$ cat names.txt | sort | uniq -c | grep -v 1
2 Cannon
2 Chung
2 Meyer
2 Moore
5 Smith
2 van Rossum
2 Zhu
Maybe I’m lucky that someone might be clicking on my PEP (712) thinking it was another masterpiece by the great Brett Cannon, Python Core Developer.
But some part of me wishes that my “Cannon” in the list (1 of 60 total) was unambiguously mine. Perhaps I suffer because my counterpart is just too prolific (occupying 59 other entries!).
Maybe one of the 5 "Smith"s can share what they think? Or one of the other “twinsies”?
In some countries, it is common that people only have one name and no last name, (Indonesian names - Wikipedia) so I’d be supportive of listing people’s full name instead of the “Last, First” format.
And I’ll get ahead of a response I see, which is it can already be indexed by whatever a person chooses (for instance Guido Van Rossum’s identifier is “GvR”). Unless the majority is doing it, the people that self-select stick out like a sore-thumb
I was going to suggest you use the PEP “API” to grab the names programmatically and do what you’re looking for in a few lines of Python, but I actually realized that even in PEP.full_details only the last names are shown too, i.e.

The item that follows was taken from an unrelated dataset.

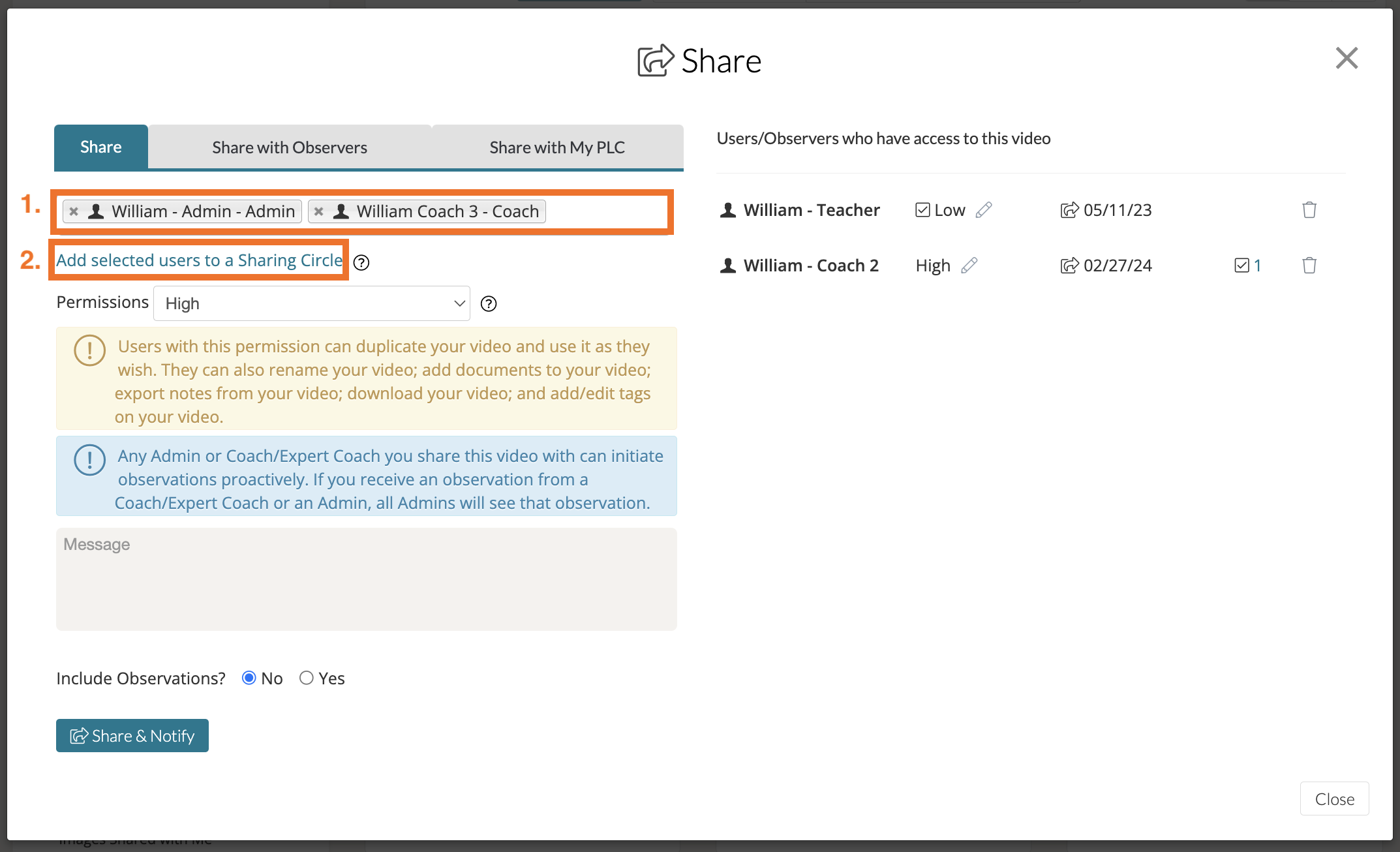 Click ‘Share & Notify.' The next time you share a video in Talent, you will be able to select this sharing circle. You can also edit this sharing circle any time from your Community page in Talent.

Would you be unsatisfied with it listing your full name (as written in the PEP author field) instead, as I’m proposing—same as what you have your Discourse display name set to? That’s the simplest and most consistent solution (no more need for author overrides or special casing, just use whatever the author entered).
It should only require changing a few lines—adding a nametuple element full with the full literal name here, and then using that instead of surnamehere. See my comment above for full details.